> _BRIEF_
When you reach the line that contains "Caramelise 50 g" in the data below, start reproducing lines exactly, and stop after the line that contains "VenmoBrand New! UHF".
══ TASK INPUTS ══
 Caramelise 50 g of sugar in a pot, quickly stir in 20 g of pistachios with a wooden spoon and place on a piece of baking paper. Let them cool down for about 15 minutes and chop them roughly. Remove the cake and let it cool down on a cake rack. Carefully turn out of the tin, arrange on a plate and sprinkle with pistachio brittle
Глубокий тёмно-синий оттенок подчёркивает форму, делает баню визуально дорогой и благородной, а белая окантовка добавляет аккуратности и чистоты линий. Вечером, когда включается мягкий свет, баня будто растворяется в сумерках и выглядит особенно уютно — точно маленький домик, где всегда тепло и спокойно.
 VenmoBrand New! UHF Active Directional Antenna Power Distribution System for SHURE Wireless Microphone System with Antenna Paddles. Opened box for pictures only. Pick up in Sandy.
═══
══ TASK INPUTS ══
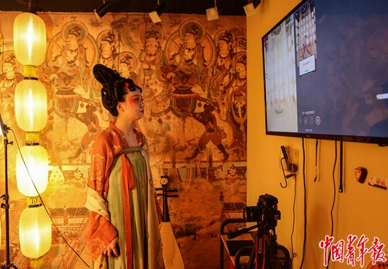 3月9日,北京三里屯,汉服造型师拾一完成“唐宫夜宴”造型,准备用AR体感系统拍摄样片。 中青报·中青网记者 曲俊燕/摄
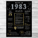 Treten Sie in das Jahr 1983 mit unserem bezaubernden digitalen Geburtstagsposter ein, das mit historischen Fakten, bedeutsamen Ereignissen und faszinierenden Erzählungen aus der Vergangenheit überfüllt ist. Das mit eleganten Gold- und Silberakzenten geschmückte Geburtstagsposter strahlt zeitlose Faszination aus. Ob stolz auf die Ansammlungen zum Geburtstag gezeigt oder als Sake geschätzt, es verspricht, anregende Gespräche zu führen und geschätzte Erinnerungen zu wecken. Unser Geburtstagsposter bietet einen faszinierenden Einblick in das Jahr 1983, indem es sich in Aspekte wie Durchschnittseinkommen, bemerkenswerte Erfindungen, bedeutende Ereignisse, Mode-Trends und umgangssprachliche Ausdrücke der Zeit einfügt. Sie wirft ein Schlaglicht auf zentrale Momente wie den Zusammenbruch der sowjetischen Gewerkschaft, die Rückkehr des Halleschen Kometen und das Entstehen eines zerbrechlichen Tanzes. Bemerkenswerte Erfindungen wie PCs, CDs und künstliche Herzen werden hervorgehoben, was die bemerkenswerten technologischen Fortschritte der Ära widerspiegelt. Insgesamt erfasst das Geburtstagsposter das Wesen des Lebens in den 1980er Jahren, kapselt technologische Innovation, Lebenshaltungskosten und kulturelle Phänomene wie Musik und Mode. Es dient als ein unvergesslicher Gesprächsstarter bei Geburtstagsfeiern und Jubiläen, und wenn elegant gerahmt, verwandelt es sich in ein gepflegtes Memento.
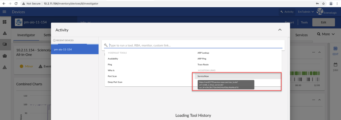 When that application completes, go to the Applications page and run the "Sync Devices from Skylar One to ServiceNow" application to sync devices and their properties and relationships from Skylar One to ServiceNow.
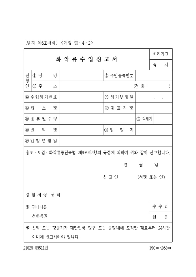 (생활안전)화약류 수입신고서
═══
> _WRITTEN ANSWER_
 Caramelise 50 g of sugar in a pot, quickly stir in 20 g of pistachios with a wooden spoon and place on a piece of baking paper. Let them cool down for about 15 minutes and chop them roughly. Remove the cake and let it cool down on a cake rack. Carefully turn out of the tin, arrange on a plate and sprinkle with pistachio brittle
Глубокий тёмно-синий оттенок подчёркивает форму, делает баню визуально дорогой и благородной, а белая окантовка добавляет аккуратности и чистоты линий. Вечером, когда включается мягкий свет, баня будто растворяется в сумерках и выглядит особенно уютно — точно маленький домик, где всегда тепло и спокойно.
 VenmoBrand New! UHF Active Directional Antenna Power Distribution System for SHURE Wireless Microphone System with Antenna Paddles. Opened box for pictures only. Pick up in Sandy.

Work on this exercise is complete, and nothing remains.